= What needs to be done =
Pictures must not appear; the answer is exactly the lines from the one that holds "האגודה לקידום הלימודים" through the end of the material.

= Exercise data =
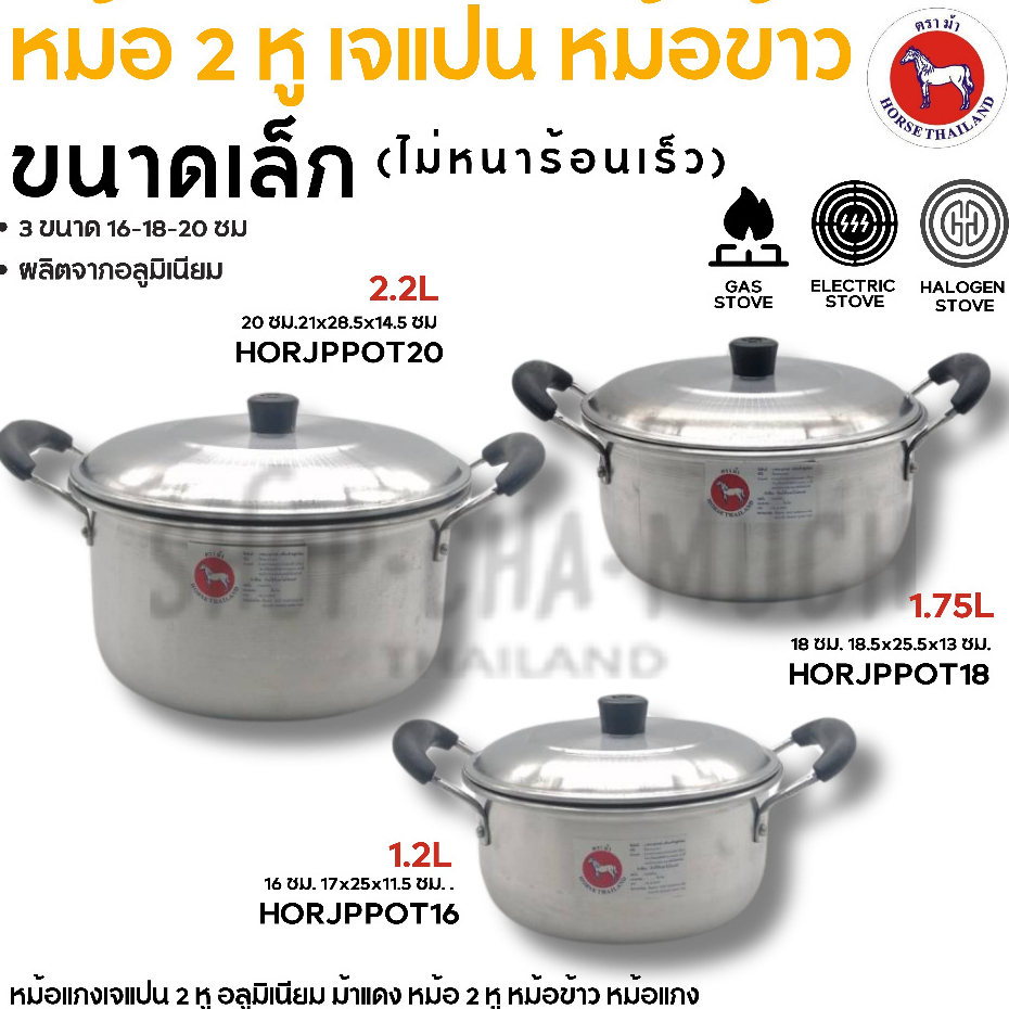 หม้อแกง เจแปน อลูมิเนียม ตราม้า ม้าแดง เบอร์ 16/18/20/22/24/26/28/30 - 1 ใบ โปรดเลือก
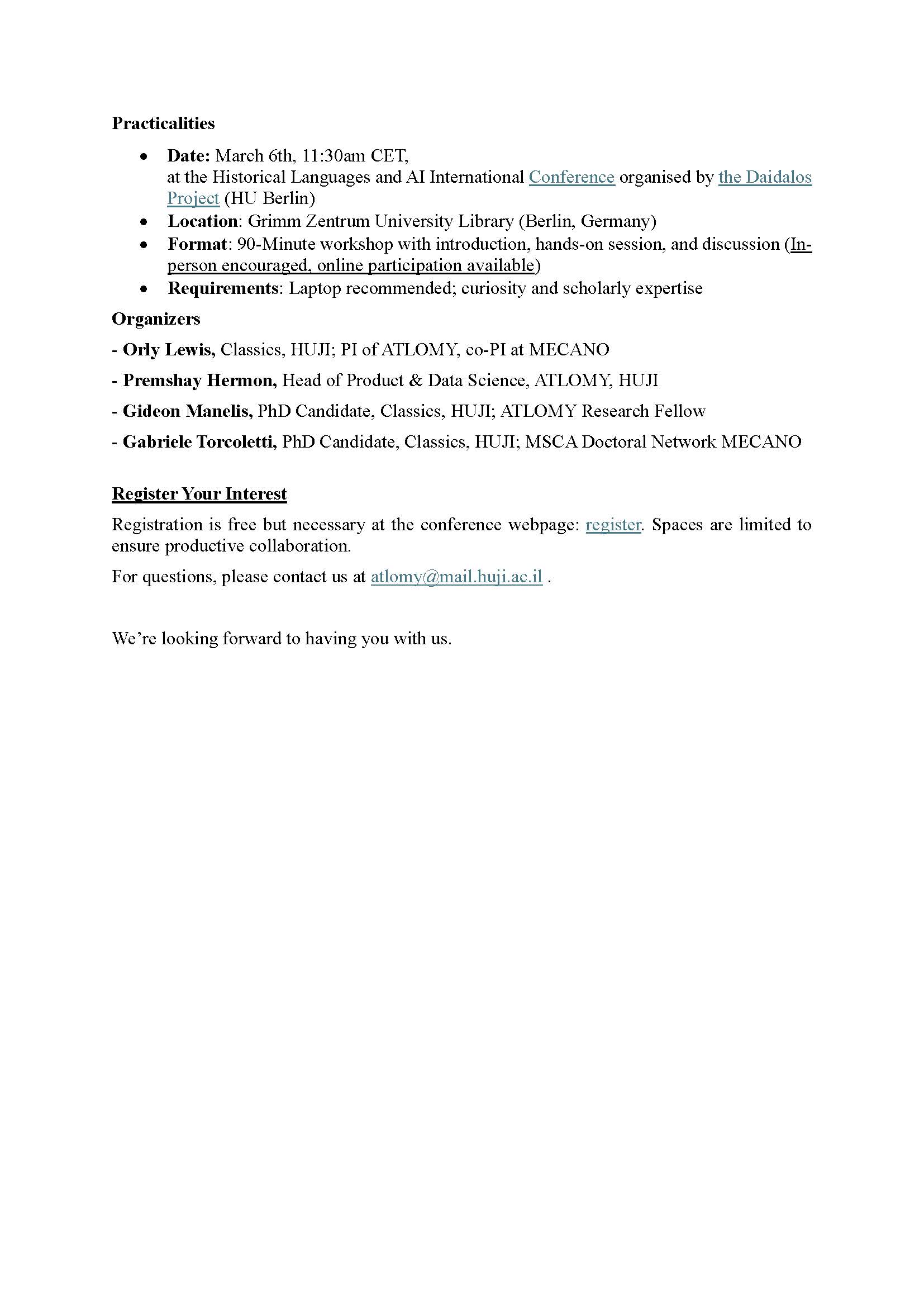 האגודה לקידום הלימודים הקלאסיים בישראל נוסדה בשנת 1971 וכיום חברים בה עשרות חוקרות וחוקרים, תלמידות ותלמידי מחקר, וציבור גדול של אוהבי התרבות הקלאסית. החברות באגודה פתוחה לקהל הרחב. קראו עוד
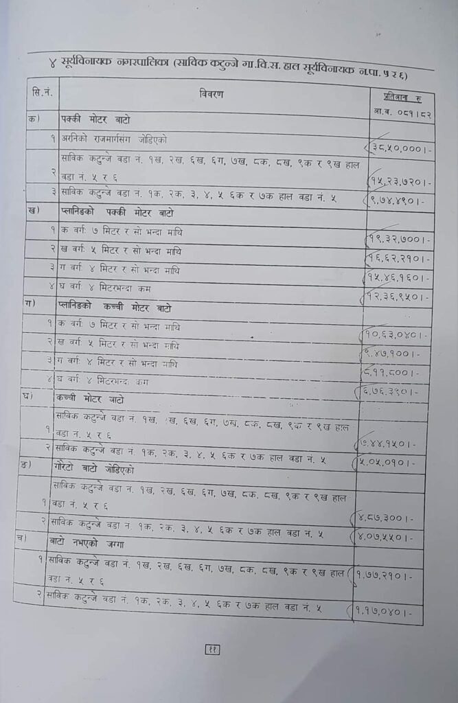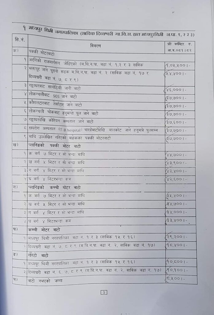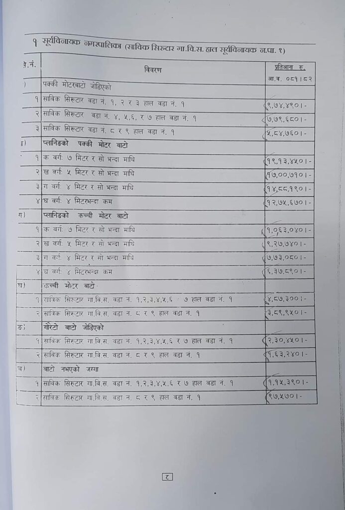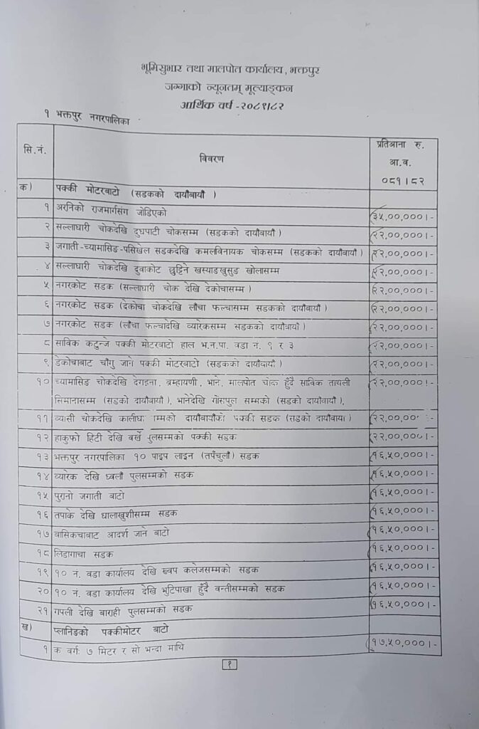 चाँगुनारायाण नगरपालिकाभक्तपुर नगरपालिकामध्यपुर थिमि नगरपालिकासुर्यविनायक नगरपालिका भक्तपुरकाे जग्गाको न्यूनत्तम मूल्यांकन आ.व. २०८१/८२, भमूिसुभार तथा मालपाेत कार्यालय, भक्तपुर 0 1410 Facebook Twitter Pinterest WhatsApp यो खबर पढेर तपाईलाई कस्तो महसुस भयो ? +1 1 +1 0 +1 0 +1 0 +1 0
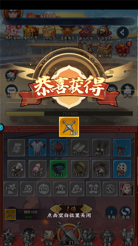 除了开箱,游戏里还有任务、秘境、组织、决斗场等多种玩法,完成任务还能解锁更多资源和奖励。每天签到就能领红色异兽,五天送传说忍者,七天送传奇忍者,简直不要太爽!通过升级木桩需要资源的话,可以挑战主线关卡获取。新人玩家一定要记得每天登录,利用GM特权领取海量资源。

= Answer area =
 האגודה לקידום הלימודים הקלאסיים בישראל נוסדה בשנת 1971 וכיום חברים בה עשרות חוקרות וחוקרים, תלמידות ותלמידי מחקר, וציבור גדול של אוהבי התרבות הקלאסית. החברות באגודה פתוחה לקהל הרחב. קראו עוד
 चाँगुनारायाण नगरपालिकाभक्तपुर नगरपालिकामध्यपुर थिमि नगरपालिकासुर्यविनायक नगरपालिका भक्तपुरकाे जग्गाको न्यूनत्तम मूल्यांकन आ.व. २०८१/८२, भमूिसुभार तथा मालपाेत कार्यालय, भक्तपुर 0 1410 Facebook Twitter Pinterest WhatsApp यो खबर पढेर तपाईलाई कस्तो महसुस भयो ? +1 1 +1 0 +1 0 +1 0 +1 0
 除了开箱,游戏里还有任务、秘境、组织、决斗场等多种玩法,完成任务还能解锁更多资源和奖励。每天签到就能领红色异兽,五天送传说忍者,七天送传奇忍者,简直不要太爽!通过升级木桩需要资源的话,可以挑战主线关卡获取。新人玩家一定要记得每天登录,利用GM特权领取海量资源。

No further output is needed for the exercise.